### What the exercise asks:
Quote exactly the lines from the one with "обществе. 2021: 55-70." to the end of the data, both included; omit the pictures.

### Data provided:
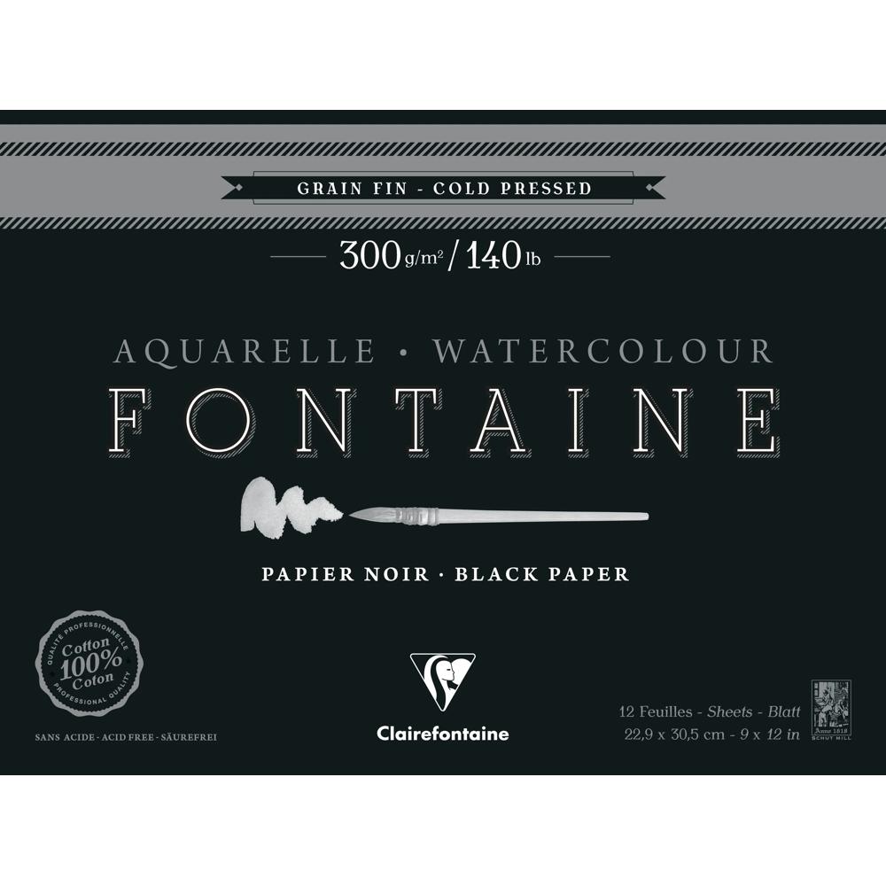 Papier aquarelle Fontaine 100% coton, de qualité professionnelle. Sa teinte noire profonde et son grain fin en font un support parfait pour donner une belle profondeur aux nuances claires, irisées et métallisées. Convient parfaitement à un mélange des techniques. Très résistant au grattage, excellence capacité d'absorption et repentir possible. Sans azurant optique, sans acide et de pH neutre.
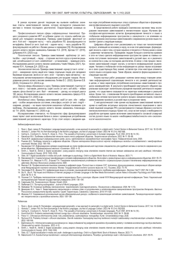 9. 	Osle J.E.T Digital socialization in media and youth: challenges to psychology. Child in a Digital World: Book of Abstracts. Moscow, 2023: 71. 10. 	Максимович В.А. Социокультурные трансформации в условиях информационного общества. Философия и гуманитарные науки в информационном обществе. 2021: 55-70.
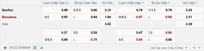 Tip kèo Châu Á full trận Benfica vs Barcelona
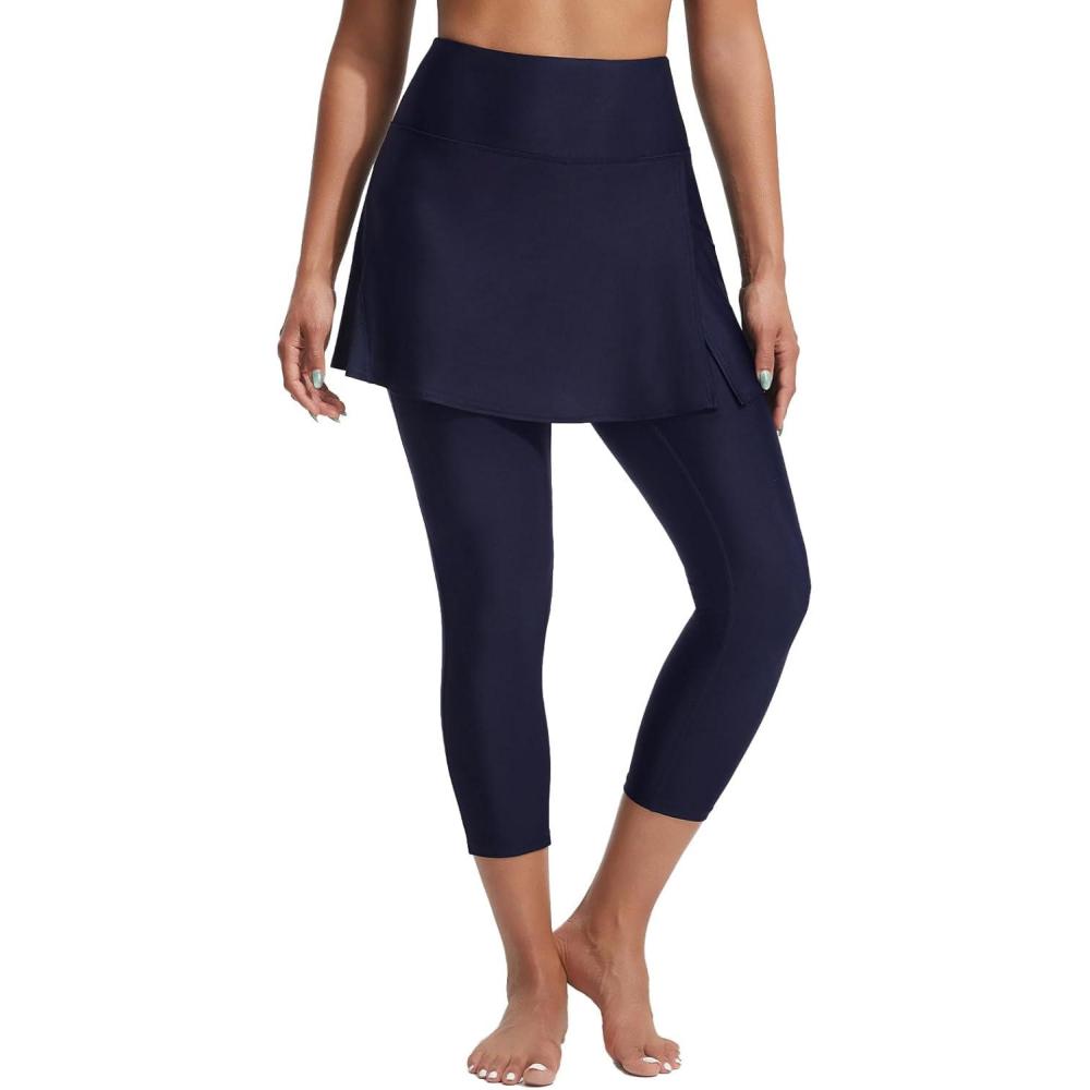 imageBALEAF Womens 20 Swim Leggings with Skirt High Waisted Skirted Pants Long Swimming Capris UPF50 with Liner and PocketsNavy Blue
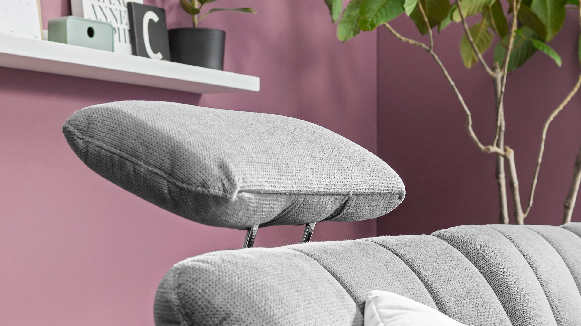 Die Abbildung zeigt ein Wohnbeispiel, welches auch Dekoration sowie separat erhältliches Zubehör enthält. Im Lieferumfang enthalten ist die Kopfstütze CKS.

### Written reply:
 9. 	Osle J.E.T Digital socialization in media and youth: challenges to psychology. Child in a Digital World: Book of Abstracts. Moscow, 2023: 71. 10. 	Максимович В.А. Социокультурные трансформации в условиях информационного общества. Философия и гуманитарные науки в информационном обществе. 2021: 55-70.
 Tip kèo Châu Á full trận Benfica vs Barcelona
 imageBALEAF Womens 20 Swim Leggings with Skirt High Waisted Skirted Pants Long Swimming Capris UPF50 with Liner and PocketsNavy Blue
 Die Abbildung zeigt ein Wohnbeispiel, welches auch Dekoration sowie separat erhältliches Zubehör enthält. Im Lieferumfang enthalten ist die Kopfstütze CKS.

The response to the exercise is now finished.